• Work to complete
Please give back, word for word, only the lines starting at the one containing "Contrast Striped V Neck Gathered Swim Top" and ending at the one containing "- SET OF 24: Total" within the material below.

• Extracted records
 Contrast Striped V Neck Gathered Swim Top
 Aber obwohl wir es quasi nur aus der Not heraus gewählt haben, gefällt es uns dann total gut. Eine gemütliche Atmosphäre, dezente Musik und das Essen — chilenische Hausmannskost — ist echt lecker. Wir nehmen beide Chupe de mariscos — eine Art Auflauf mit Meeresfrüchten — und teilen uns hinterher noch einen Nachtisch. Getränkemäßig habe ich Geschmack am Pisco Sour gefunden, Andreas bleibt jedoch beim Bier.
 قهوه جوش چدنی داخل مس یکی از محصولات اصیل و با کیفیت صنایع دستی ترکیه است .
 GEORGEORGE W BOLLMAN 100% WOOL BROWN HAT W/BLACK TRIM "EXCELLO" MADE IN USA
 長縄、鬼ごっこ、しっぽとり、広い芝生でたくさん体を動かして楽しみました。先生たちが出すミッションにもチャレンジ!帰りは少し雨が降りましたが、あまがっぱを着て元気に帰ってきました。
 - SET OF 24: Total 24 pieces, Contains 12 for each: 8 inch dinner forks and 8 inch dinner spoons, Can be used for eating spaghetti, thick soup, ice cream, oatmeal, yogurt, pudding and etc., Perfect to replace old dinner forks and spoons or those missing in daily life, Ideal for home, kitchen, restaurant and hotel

--

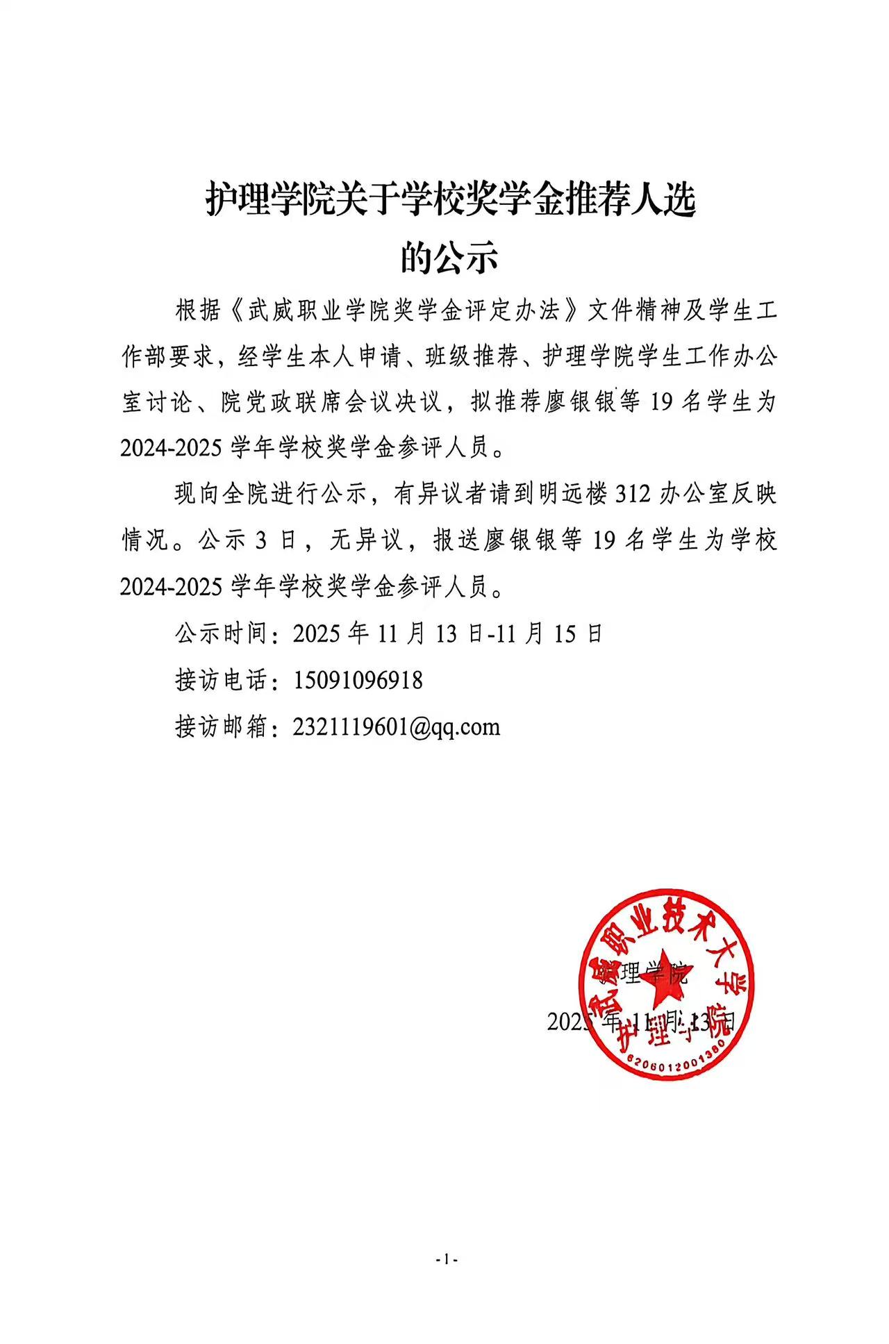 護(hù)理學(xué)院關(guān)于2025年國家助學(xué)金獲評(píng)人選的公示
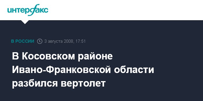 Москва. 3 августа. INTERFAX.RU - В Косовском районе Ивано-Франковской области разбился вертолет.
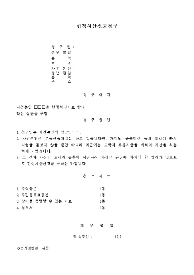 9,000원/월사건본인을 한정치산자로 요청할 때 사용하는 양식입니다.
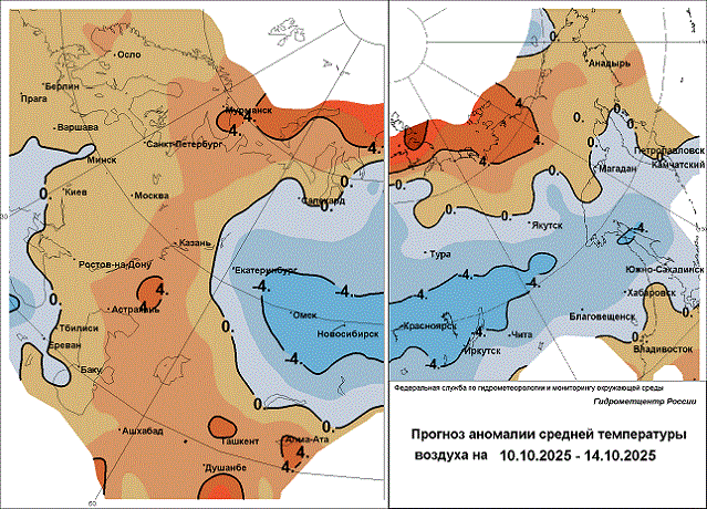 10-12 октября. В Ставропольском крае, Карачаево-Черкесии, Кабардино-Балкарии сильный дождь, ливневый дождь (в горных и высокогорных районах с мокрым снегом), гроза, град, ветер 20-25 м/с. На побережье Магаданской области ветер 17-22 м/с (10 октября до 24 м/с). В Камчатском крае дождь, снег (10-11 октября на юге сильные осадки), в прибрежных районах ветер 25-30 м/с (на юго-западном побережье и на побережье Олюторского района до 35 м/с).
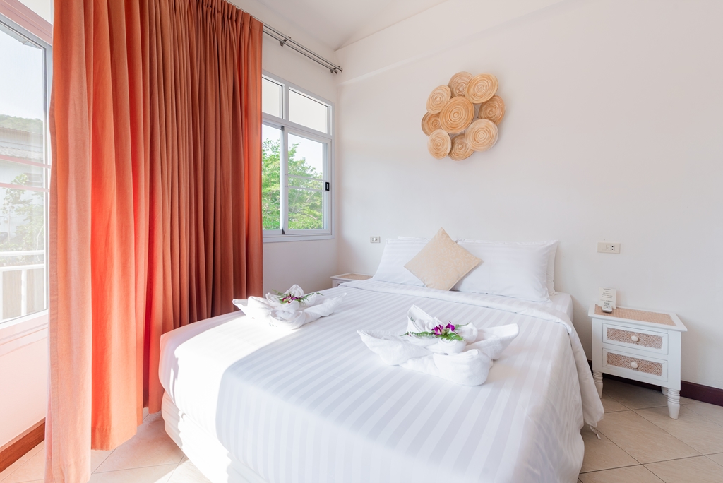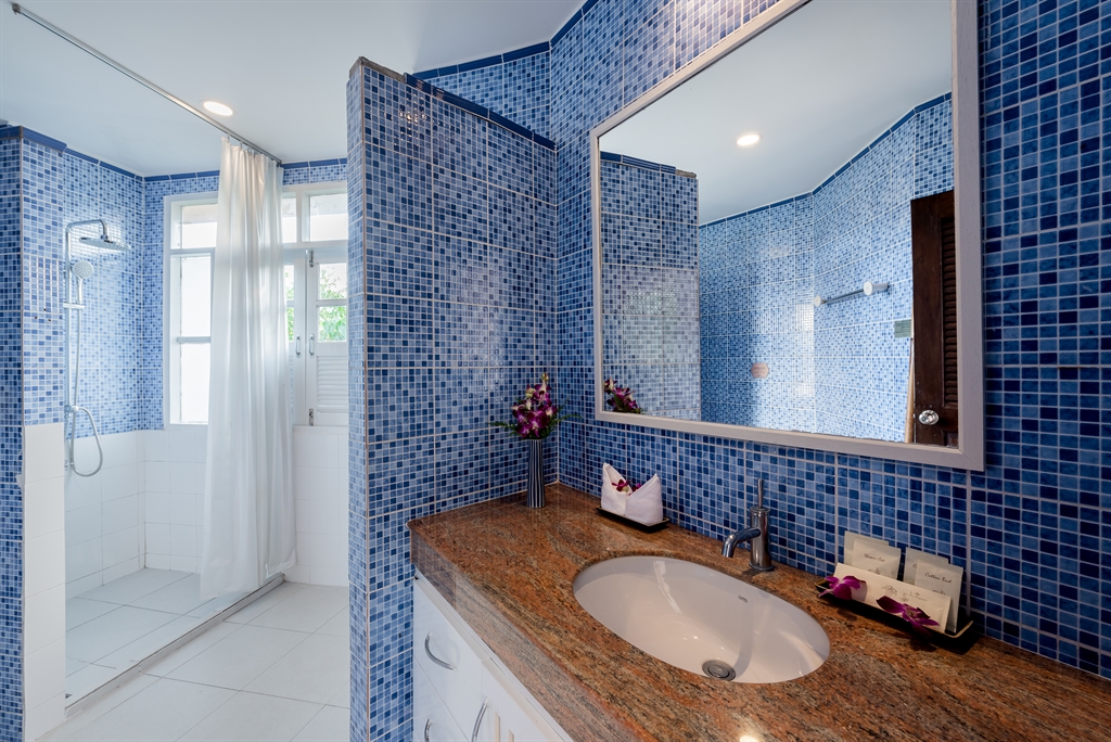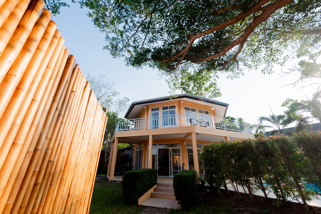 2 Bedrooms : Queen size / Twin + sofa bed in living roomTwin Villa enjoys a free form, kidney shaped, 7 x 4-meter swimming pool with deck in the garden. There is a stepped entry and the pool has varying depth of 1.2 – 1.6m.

---

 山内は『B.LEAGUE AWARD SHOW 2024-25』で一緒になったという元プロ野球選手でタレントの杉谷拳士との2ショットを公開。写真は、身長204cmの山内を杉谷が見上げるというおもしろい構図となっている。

• Answer box
 Contrast Striped V Neck Gathered Swim Top
 Aber obwohl wir es quasi nur aus der Not heraus gewählt haben, gefällt es uns dann total gut. Eine gemütliche Atmosphäre, dezente Musik und das Essen — chilenische Hausmannskost — ist echt lecker. Wir nehmen beide Chupe de mariscos — eine Art Auflauf mit Meeresfrüchten — und teilen uns hinterher noch einen Nachtisch. Getränkemäßig habe ich Geschmack am Pisco Sour gefunden, Andreas bleibt jedoch beim Bier.
 قهوه جوش چدنی داخل مس یکی از محصولات اصیل و با کیفیت صنایع دستی ترکیه است .
 GEORGEORGE W BOLLMAN 100% WOOL BROWN HAT W/BLACK TRIM "EXCELLO" MADE IN USA
 長縄、鬼ごっこ、しっぽとり、広い芝生でたくさん体を動かして楽しみました。先生たちが出すミッションにもチャレンジ!帰りは少し雨が降りましたが、あまがっぱを着て元気に帰ってきました。
 - SET OF 24: Total 24 pieces, Contains 12 for each: 8 inch dinner forks and 8 inch dinner spoons, Can be used for eating spaghetti, thick soup, ice cream, oatmeal, yogurt, pudding and etc., Perfect to replace old dinner forks and spoons or those missing in daily life, Ideal for home, kitchen, restaurant and hotel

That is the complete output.